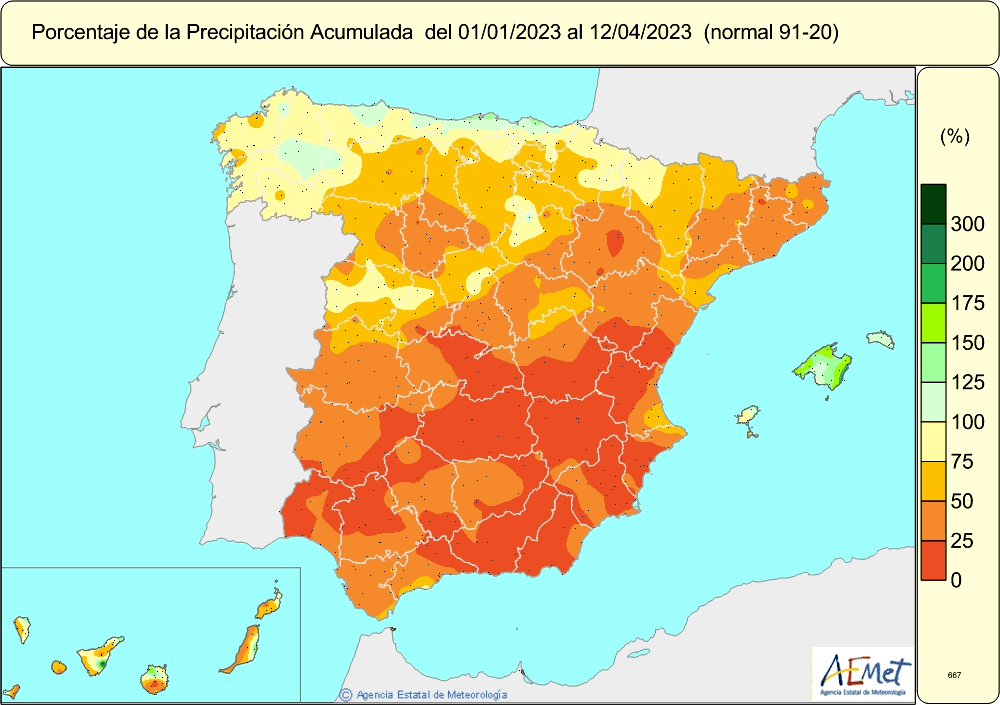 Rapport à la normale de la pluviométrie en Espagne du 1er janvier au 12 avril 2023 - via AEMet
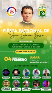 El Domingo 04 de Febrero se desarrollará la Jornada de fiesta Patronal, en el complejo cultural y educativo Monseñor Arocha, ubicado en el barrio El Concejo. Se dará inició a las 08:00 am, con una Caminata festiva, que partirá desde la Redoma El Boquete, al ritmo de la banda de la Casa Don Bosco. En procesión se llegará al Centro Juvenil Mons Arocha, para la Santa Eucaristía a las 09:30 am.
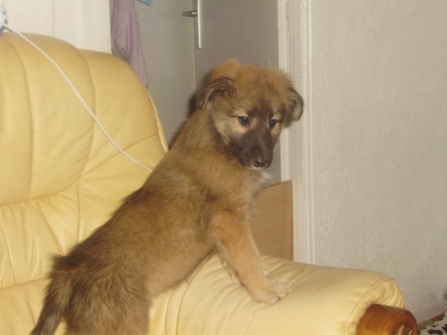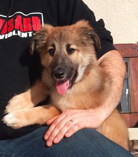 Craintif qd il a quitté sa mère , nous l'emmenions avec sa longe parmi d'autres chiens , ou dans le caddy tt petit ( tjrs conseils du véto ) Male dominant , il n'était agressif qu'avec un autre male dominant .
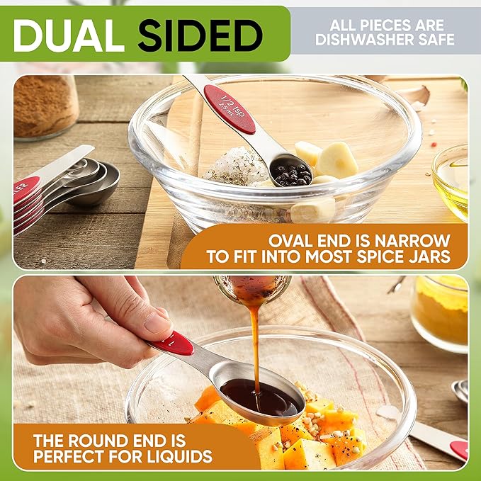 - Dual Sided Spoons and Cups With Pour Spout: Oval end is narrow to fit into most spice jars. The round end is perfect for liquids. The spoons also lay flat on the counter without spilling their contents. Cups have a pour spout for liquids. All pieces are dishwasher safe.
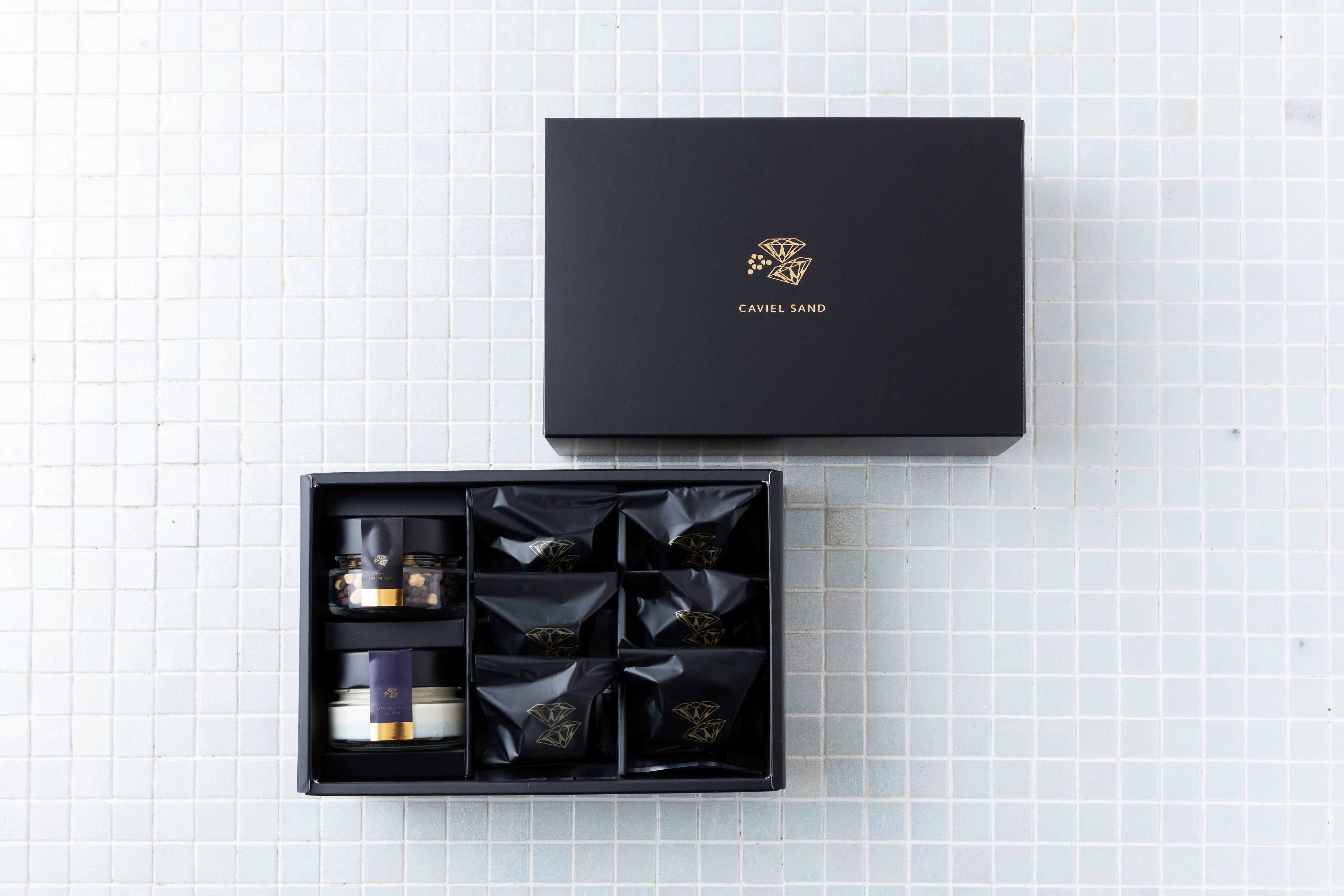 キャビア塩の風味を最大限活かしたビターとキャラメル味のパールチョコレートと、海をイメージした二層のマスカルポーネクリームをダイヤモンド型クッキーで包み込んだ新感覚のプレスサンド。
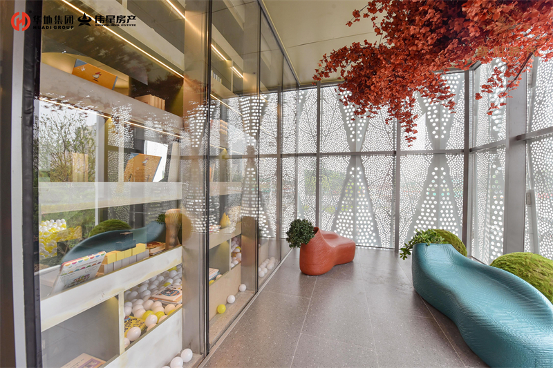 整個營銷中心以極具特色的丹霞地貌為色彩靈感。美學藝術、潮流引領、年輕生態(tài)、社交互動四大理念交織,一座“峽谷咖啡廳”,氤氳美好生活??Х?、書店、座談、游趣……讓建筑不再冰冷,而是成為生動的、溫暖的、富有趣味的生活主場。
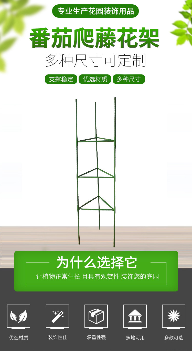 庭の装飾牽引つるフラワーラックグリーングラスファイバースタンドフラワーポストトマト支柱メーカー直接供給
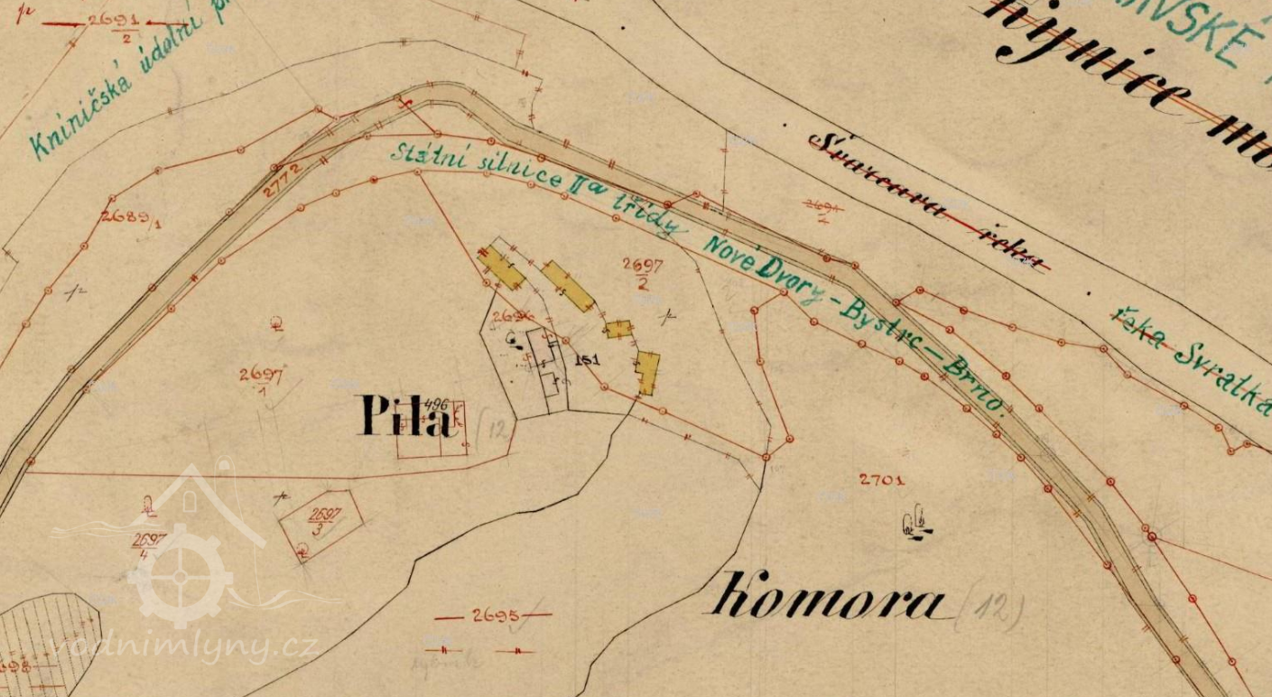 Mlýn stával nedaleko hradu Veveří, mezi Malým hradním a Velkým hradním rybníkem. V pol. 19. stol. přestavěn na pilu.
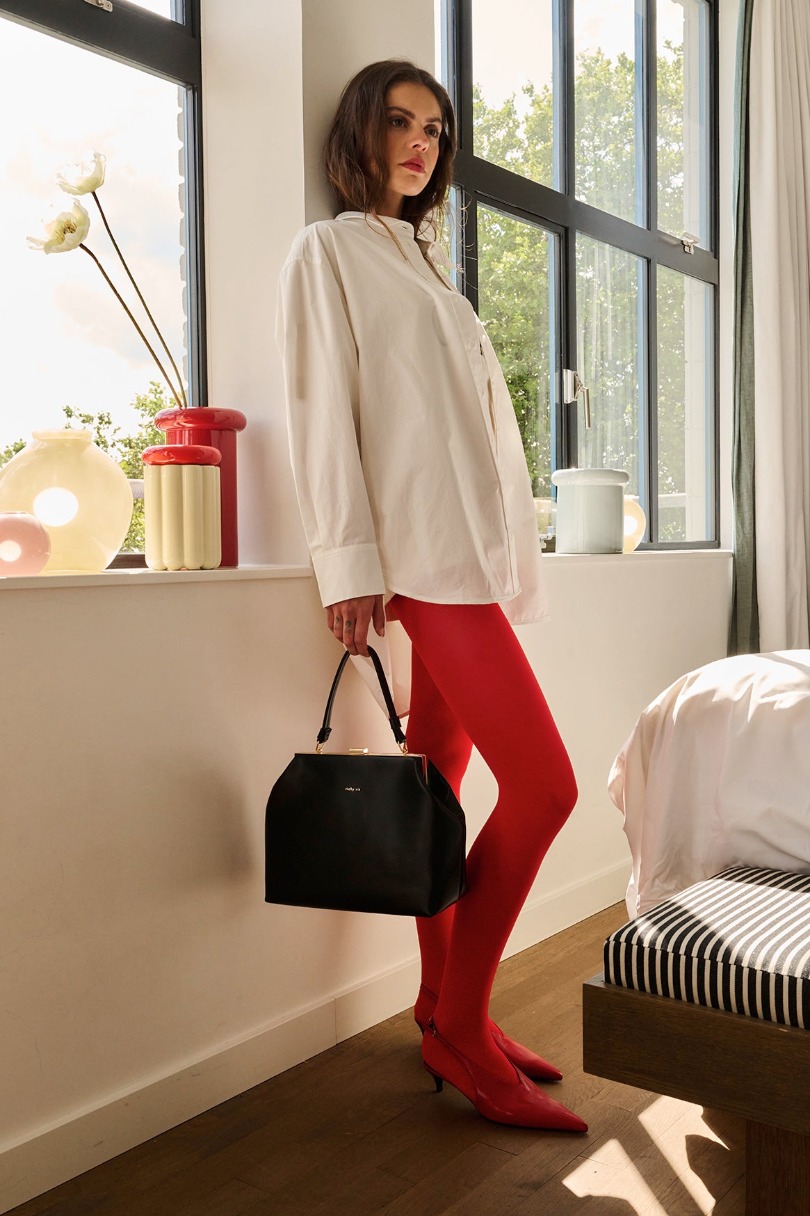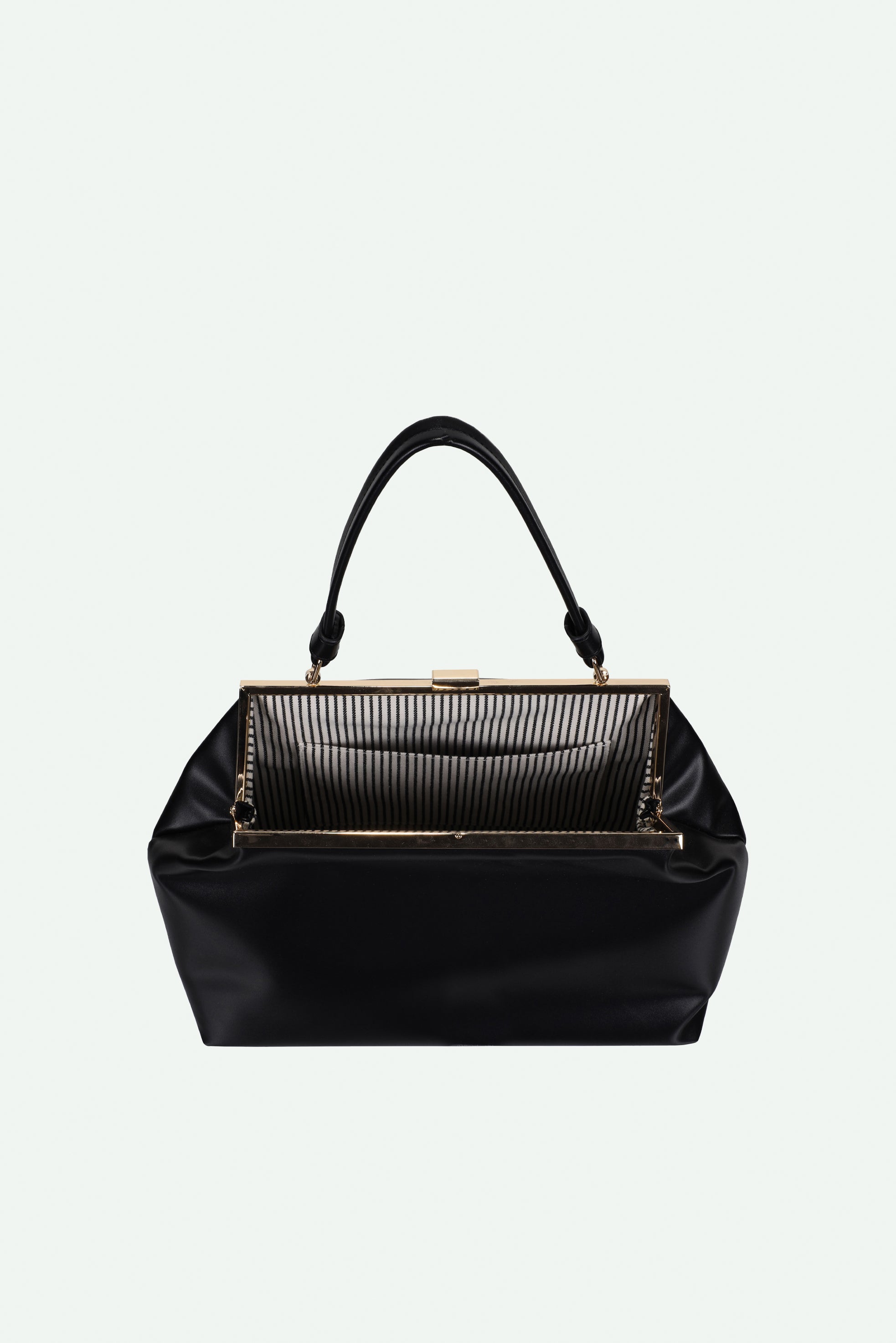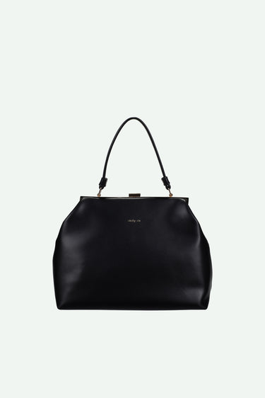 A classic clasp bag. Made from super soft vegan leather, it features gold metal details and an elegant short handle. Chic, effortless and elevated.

## What to do
Give the data again exactly as it appears, but without any images.

## Exercise output
 Rapport à la normale de la pluviométrie en Espagne du 1er janvier au 12 avril 2023 - via AEMet
 El Domingo 04 de Febrero se desarrollará la Jornada de fiesta Patronal, en el complejo cultural y educativo Monseñor Arocha, ubicado en el barrio El Concejo. Se dará inició a las 08:00 am, con una Caminata festiva, que partirá desde la Redoma El Boquete, al ritmo de la banda de la Casa Don Bosco. En procesión se llegará al Centro Juvenil Mons Arocha, para la Santa Eucaristía a las 09:30 am.
 Craintif qd il a quitté sa mère , nous l'emmenions avec sa longe parmi d'autres chiens , ou dans le caddy tt petit ( tjrs conseils du véto ) Male dominant , il n'était agressif qu'avec un autre male dominant .
 - Dual Sided Spoons and Cups With Pour Spout: Oval end is narrow to fit into most spice jars. The round end is perfect for liquids. The spoons also lay flat on the counter without spilling their contents. Cups have a pour spout for liquids. All pieces are dishwasher safe.
 キャビア塩の風味を最大限活かしたビターとキャラメル味のパールチョコレートと、海をイメージした二層のマスカルポーネクリームをダイヤモンド型クッキーで包み込んだ新感覚のプレスサンド。
 整個營銷中心以極具特色的丹霞地貌為色彩靈感。美學藝術、潮流引領、年輕生態(tài)、社交互動四大理念交織,一座“峽谷咖啡廳”,氤氳美好生活??Х?、書店、座談、游趣……讓建筑不再冰冷,而是成為生動的、溫暖的、富有趣味的生活主場。
 庭の装飾牽引つるフラワーラックグリーングラスファイバースタンドフラワーポストトマト支柱メーカー直接供給
 Mlýn stával nedaleko hradu Veveří, mezi Malým hradním a Velkým hradním rybníkem. V pol. 19. stol. přestavěn na pilu.
 A classic clasp bag. Made from super soft vegan leather, it features gold metal details and an elegant short handle. Chic, effortless and elevated.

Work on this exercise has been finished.